97.06 Surgical Safety Checklist Adherence Improves Outcomes in Pediatric Patients

M. A. Bartz-Kurycki1,2, K. T. Anderson1,2, D. M. Ferguson1,2, M. E. Curbo1,2, J. Bach1,2, A. A. Childs1,2, T. D. Parker1,2, A. L. Kawaguchi1,2, M. T. Austin1,2, L. S. Kao1, M. E. Matuszczak2,3, R. R. Jain2,3, K. P. Lally1,2, K. Tsao1,2  1McGovern Medical School at UTHealth,Department Of Pediatric Surgery,Houston, TX, USA 2Children’s Memorial Hermann Hospital,Department Of Pediatric Surgery,Houston, TX, USA 3McGovern Medical School at UTHealth,Department Of Anesthesiology,Houston, TX, USA

Introduction: The surgical safety checklist (SSC) is a 3-phase tool created to reduce morbidity and mortality. Adult studies have demonstrated improved outcomes associated with SSC utilization. However, the pediatric surgical population has very low morbidity and mortality, therefore the association between SCC adherence and outcomes has been difficult to establish. The purpose of this study was to evaluate whether SSC adherence was associated with improved 30-day post-operative outcomes in pediatric patients. 

Methods: An observational study of non-emergent pediatric surgical cases performed in a children’s hospital was conducted by trained observers (2017-2018). Degree of adherence (verbalization and confirmation by 2 or more parties) was defined as the proportion of checklist items completed. Pre-induction, pre-incision and debriefing phases were observed. Total adherence score was the proportion of items completed from all 3 phases combined. Thirty-day outcomes were determined by retrospective chart review and included surgical site infection, wound dehiscence, readmission, emergency department (ED) visits, unplanned reoperations, pneumonia, and urinary tract infection. The primary outcome was a composite of any complication. Logistic regression was used for analysis. 

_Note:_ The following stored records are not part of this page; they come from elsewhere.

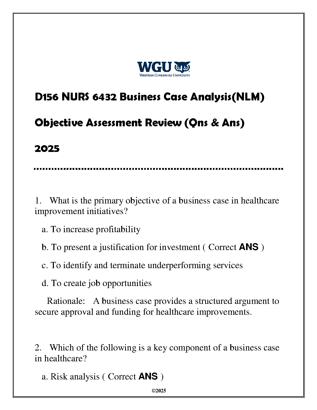WGU NURS 6432 Business Case Analysis (NLM) 2025 Edition: Objective Assessment Review with Questions and Answers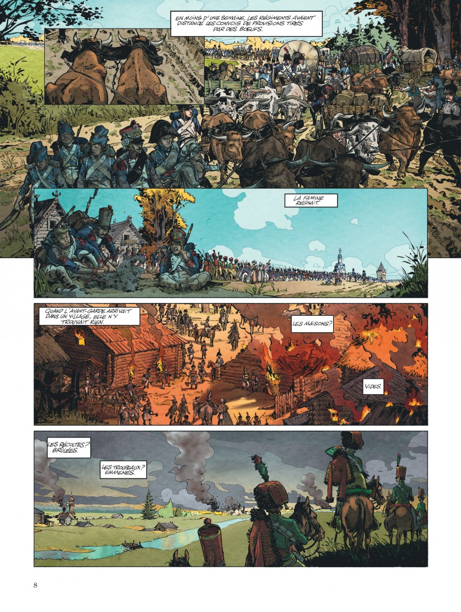 Ils n’en ont pas fini avec Napoléon! Après avoir adapté (et remporté) La Bataille, fresque puissante et impressionnante de la Bataille d’Essling, Frédéric Richaud et Ivan Gil continuent de suivre à la trace le Petit Caporal désormais en pleine Bérézina. Enfin, pas encore, car pour l’instant, l’Empereur marche sur Moscou, déjà vide mais bientôt fournaise.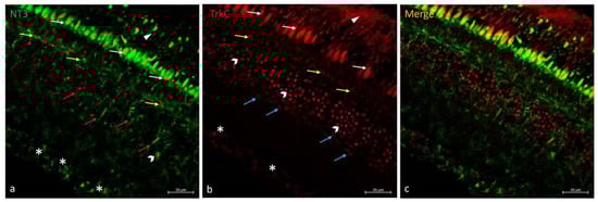 Regarding the NT-3/TrkC system in the N. guentheri retina, RPE cell prolongation immunostain was found. In the PRL, the inner segment immunopositive to NT-3 and the outer segment immunoreactive to TrkC have been observed. The OPL was NT-3 and TrkC immunoreactive (Figure 5). In the INL, BCs immunoreactive with NT-3 (Figure 5a) and a subpopulation of ACs immunopositive to TrkC (Figure 5b) were seen. In GCL, several subpopulations of GCs were NT-3 and TrkC immunostained, respectively (Figure 5a,b). Colocalization views were never observed (Figure 5c).

Results: 510 cases were observed for SSC adherence. Patients had a median age of 4.1 years (IQR 1.1-9.8 years). Most observed cases were performed by Pediatric General Surgery (26.9%), Otorhinolaryngology (24.9%), and Urology (21.6%). The median operative time was 33.9 minutes (IQR 19.7-68.8 minutes). Median total adherence score was 86.2 (IQR 66.7-96.0). SSC adherence differed by phase. Pre-incision phase adherence was greatest at 100% (IQR 96-100), followed by debriefing (90.9%, IQR 72.7- 100), then pre-induction (84.6%, IQR 53.8-100). Complications occurred in 57 patients (11.2%); ED visits were most common (64.9%), followed by readmission (38.6%), and SSI (19.3%). Operative time and age were not associated with presence of a post-operative complication. However, surgical specialty, greater pre-induction adherence, and greater total adherence were associated with reduced likelihood of any complication on univariate regression. After adjusting for age, case length, specialty and total adherence to the SSC, only greater total adherence and greater pre-induction adherence remained associated with decreased post-operative complications (Table).

Conclusions: This is the first study to demonstrate that increased SCC adherence is associated with improved patient outcomes in pediatric surgery. The data suggest that improving pre-induction checklist adherence may help prevent patient harm.